▸ **What you should do**
Copy, word for word, the lines below from the one containing "Bon état global." up to and including the one containing "園長先生のお話をしっかりと聞き、2学期を振り返りました😊", with pictures left out.
[Records provided]
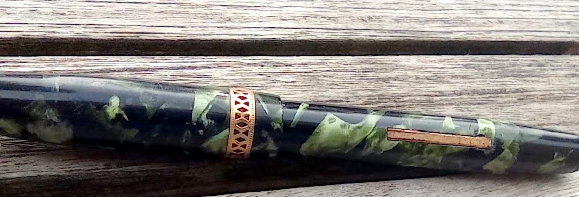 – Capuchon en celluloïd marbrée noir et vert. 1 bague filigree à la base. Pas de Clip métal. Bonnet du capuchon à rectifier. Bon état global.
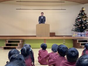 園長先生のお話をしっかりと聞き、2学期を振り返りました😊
[/Records provided]
[Records provided]
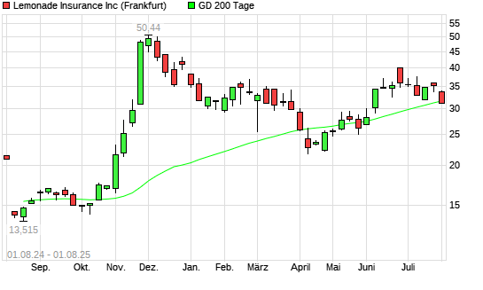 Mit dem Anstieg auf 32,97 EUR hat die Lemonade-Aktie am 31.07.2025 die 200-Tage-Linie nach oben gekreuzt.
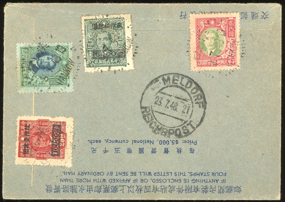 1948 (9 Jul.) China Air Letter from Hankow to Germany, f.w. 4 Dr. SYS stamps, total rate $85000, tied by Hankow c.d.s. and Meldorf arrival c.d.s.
[/Records provided]
[Records provided]
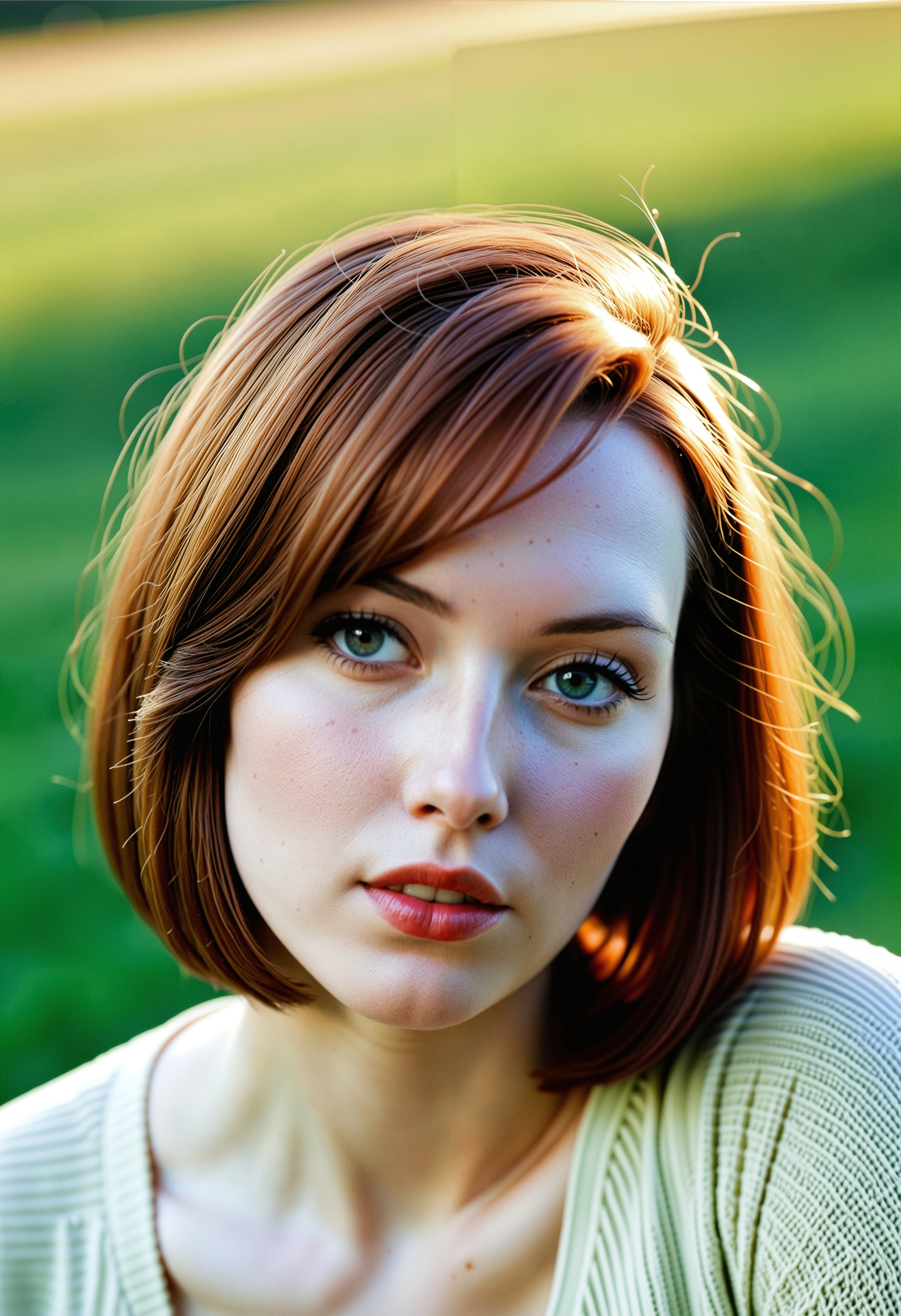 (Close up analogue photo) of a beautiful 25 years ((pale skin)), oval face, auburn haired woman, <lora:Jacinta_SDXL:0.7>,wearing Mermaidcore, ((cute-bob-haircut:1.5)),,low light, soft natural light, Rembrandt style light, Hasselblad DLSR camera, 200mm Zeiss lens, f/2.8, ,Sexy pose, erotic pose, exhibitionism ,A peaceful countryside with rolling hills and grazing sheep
[/Records provided]
▸ **Output below**
 – Capuchon en celluloïd marbrée noir et vert. 1 bague filigree à la base. Pas de Clip métal. Bonnet du capuchon à rectifier. Bon état global.
 園長先生のお話をしっかりと聞き、2学期を振り返りました😊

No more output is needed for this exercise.